[Start of section]
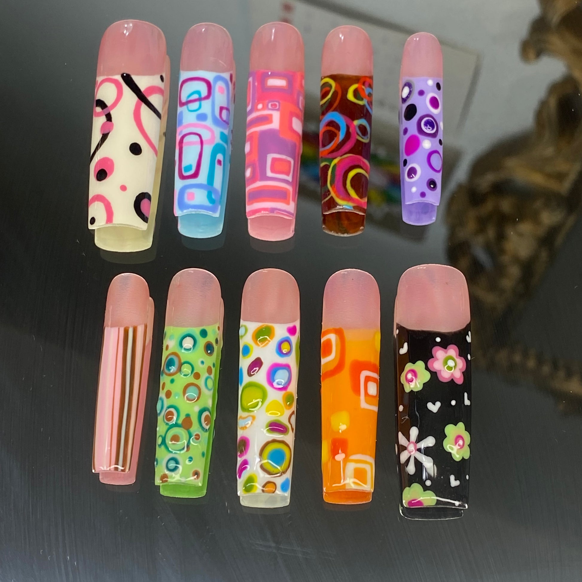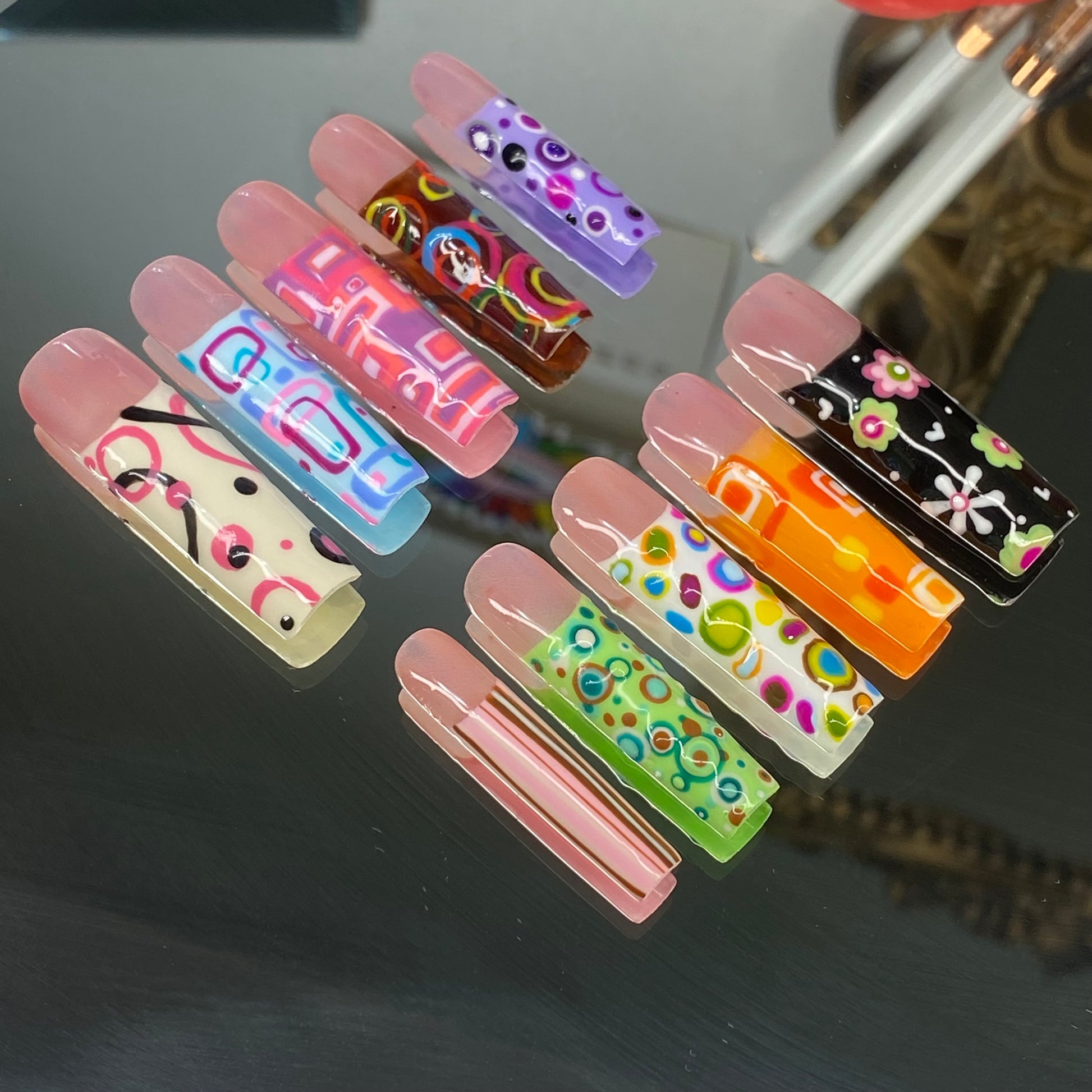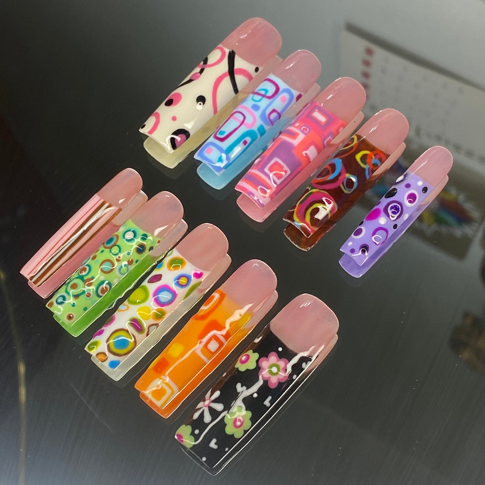 We offer a variety of shapes (like Coffin, Almond, Stiletto, and Square) and lengths (Short, Medium, Long, XL) to match your vibe.
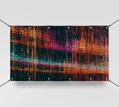 Questa composizione presenta un'intricata esposizione di linee e motivi colorati, mescolando vibranti tonalità di rosso, arancio e blu che evocano un senso di dinamismo ed energia.
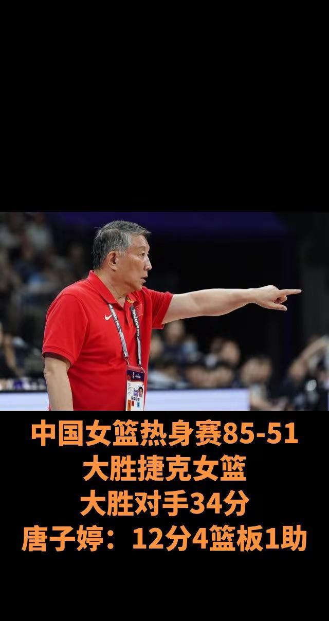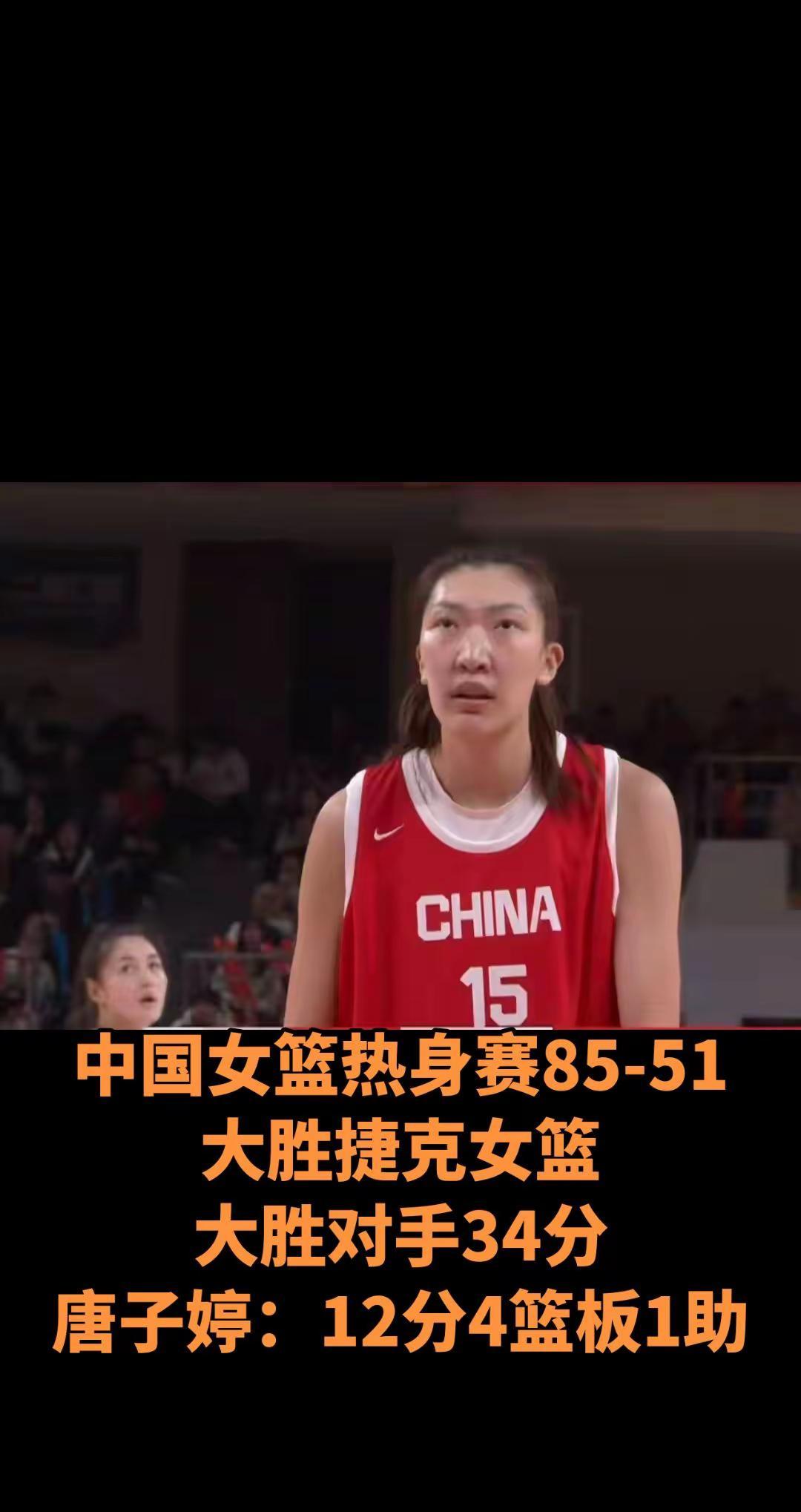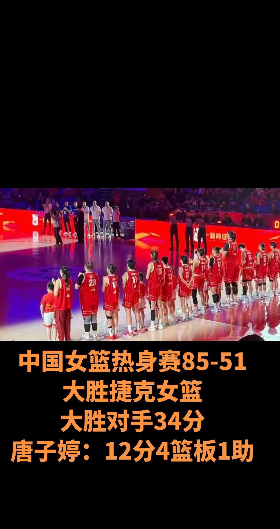 中国女篮热身赛85-51大胜捷克女篮。中国女篮热身赛85-51大胜捷克女篮大胜对手34分唐子婷:12分4篮板1助
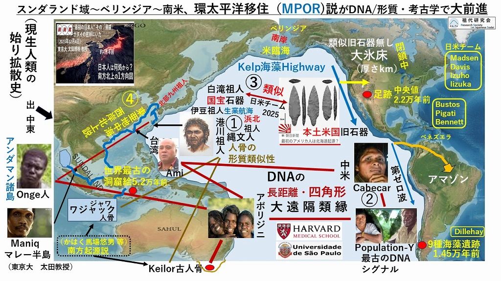 青森周辺(東北地方)は北部九州に渡海した祖人Sojinが、日本列島の東西から北上し当時の「陸奥平野」で合一していた海民性の強い人々であった。ここが後に「最初のアメリカ人人「第ゼロ波」の中心地で、氷河期の厳しい気候下で海を渡る技術を磨き、魚介や海洋資源を活用する生活を確立した。Y染色体ハプログループD(後のD1b系統)もここで強固に根付いていた可能性が高く、彼らは列島の北部を拠点に、ベーリング海方面への探検を繰り返していた。やがて、最終氷期最寒期(LGM、約2.6万〜1.9万年前)直前、気候の変動が激しくなる中、始まり祖人の先遣隊が動き出した。アムール川流域から南下する別の集団(主にmtDNA N9b系統を持つシベリア系民)の前に彼らは北上して行った。北海道東Gatewayを出発、千島列島やベーリング海の南岸(Beringia southern route)を伝い、ついにアメリカ新大陸の西岸に到達した。この移動で、mtDNA D4hから派生したD4h3aやD1系統が生まれ、これが南米のPopulation Yとして知られる古い集団の源流となった。Population Yは、南米の遺伝子プールにオーストララシアン様(縄文人やアンダマン人に似た)成分を注入し、通常のベーリング陸橋経由の東アジア祖先とは異なるシグナルを残しているが、これは、沿海民が太平洋ルートで早期に南下した可能性を示唆する証拠で、南米最古の先住民層(「最初の」アメリカ人)に直結する。
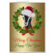 Een prachtig schilderij van mijn Christie, een Alpiene melkgeit - Ze draagt een kersthoed omringd door een feestelijke kerstlepel, allemaal op een gouden achtergrond die gemakkelijk kan worden verwijderd om een witte achtergrond te onthullen als je wilt - in een kerstscène omgeven door hetzelfde kerstfeest en aanpasbaar binnengevoel - Geitste kerstKaarten voor geitenliefhebbers om te verzenden als een unieke feestelijke Kaart die vrolijk kerstfeest wil - ©. kunstwerk: GetYerGoat.com
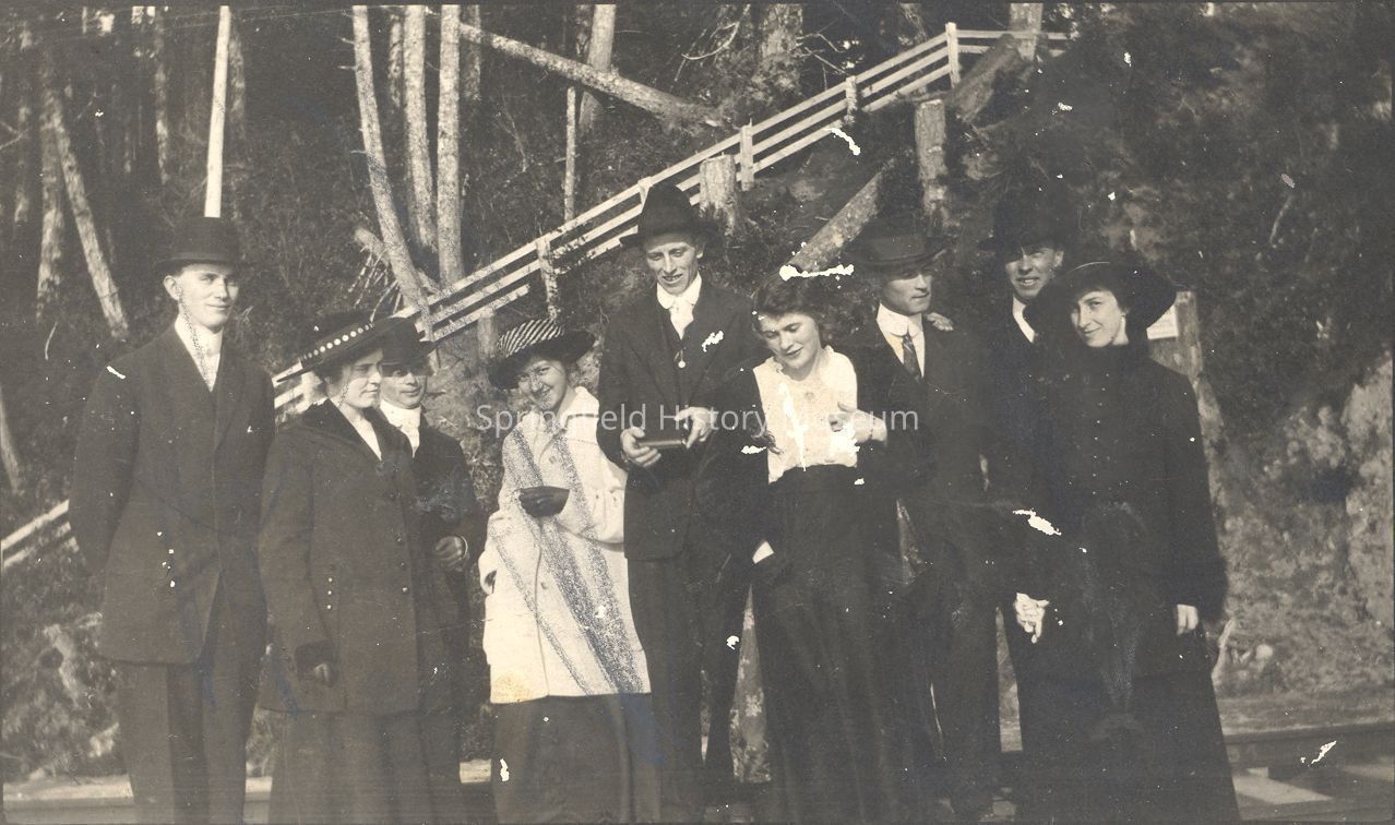 Postcard photograph of an unknown group of people in formal attire, Springfield (?), Oregon, undated.Collection
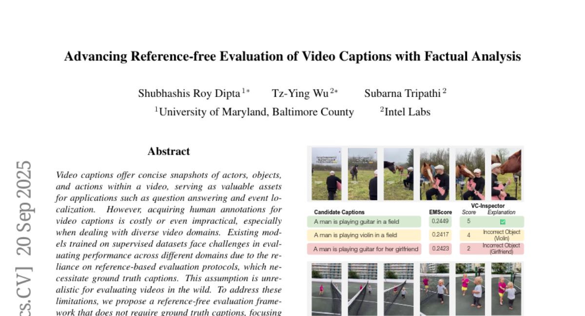 归根结底,这项由马里兰大学和英特尔实验室联合完成的研究,为我们展示了AI技术如何能够更好地服务于内容创作和理解。随着技术的不断完善和应用的不断扩展,我们有理由相信,类似VC-Inspector这样的智能评估工具将在未来发挥越来越重要的作用,让数字世界中的内容质量变得更高,让用户体验变得更好。对于那些希望深入了解技术细节的读者,建议查阅原论文arXiv:2509.16538v1获取更多信息。
[End of section]
Prompt:
Leaving the images out, retype all the material above exactly.

Output for this task:
 We offer a variety of shapes (like Coffin, Almond, Stiletto, and Square) and lengths (Short, Medium, Long, XL) to match your vibe.
 Questa composizione presenta un'intricata esposizione di linee e motivi colorati, mescolando vibranti tonalità di rosso, arancio e blu che evocano un senso di dinamismo ed energia.
 中国女篮热身赛85-51大胜捷克女篮。中国女篮热身赛85-51大胜捷克女篮大胜对手34分唐子婷:12分4篮板1助
 青森周辺(東北地方)は北部九州に渡海した祖人Sojinが、日本列島の東西から北上し当時の「陸奥平野」で合一していた海民性の強い人々であった。ここが後に「最初のアメリカ人人「第ゼロ波」の中心地で、氷河期の厳しい気候下で海を渡る技術を磨き、魚介や海洋資源を活用する生活を確立した。Y染色体ハプログループD(後のD1b系統)もここで強固に根付いていた可能性が高く、彼らは列島の北部を拠点に、ベーリング海方面への探検を繰り返していた。やがて、最終氷期最寒期(LGM、約2.6万〜1.9万年前)直前、気候の変動が激しくなる中、始まり祖人の先遣隊が動き出した。アムール川流域から南下する別の集団(主にmtDNA N9b系統を持つシベリア系民)の前に彼らは北上して行った。北海道東Gatewayを出発、千島列島やベーリング海の南岸(Beringia southern route)を伝い、ついにアメリカ新大陸の西岸に到達した。この移動で、mtDNA D4hから派生したD4h3aやD1系統が生まれ、これが南米のPopulation Yとして知られる古い集団の源流となった。Population Yは、南米の遺伝子プールにオーストララシアン様(縄文人やアンダマン人に似た)成分を注入し、通常のベーリング陸橋経由の東アジア祖先とは異なるシグナルを残しているが、これは、沿海民が太平洋ルートで早期に南下した可能性を示唆する証拠で、南米最古の先住民層(「最初の」アメリカ人)に直結する。
 Een prachtig schilderij van mijn Christie, een Alpiene melkgeit - Ze draagt een kersthoed omringd door een feestelijke kerstlepel, allemaal op een gouden achtergrond die gemakkelijk kan worden verwijderd om een witte achtergrond te onthullen als je wilt - in een kerstscène omgeven door hetzelfde kerstfeest en aanpasbaar binnengevoel - Geitste kerstKaarten voor geitenliefhebbers om te verzenden als een unieke feestelijke Kaart die vrolijk kerstfeest wil - ©. kunstwerk: GetYerGoat.com
 Postcard photograph of an unknown group of people in formal attire, Springfield (?), Oregon, undated.Collection
 归根结底,这项由马里兰大学和英特尔实验室联合完成的研究,为我们展示了AI技术如何能够更好地服务于内容创作和理解。随着技术的不断完善和应用的不断扩展,我们有理由相信,类似VC-Inspector这样的智能评估工具将在未来发挥越来越重要的作用,让数字世界中的内容质量变得更高,让用户体验变得更好。对于那些希望深入了解技术细节的读者,建议查阅原论文arXiv:2509.16538v1获取更多信息。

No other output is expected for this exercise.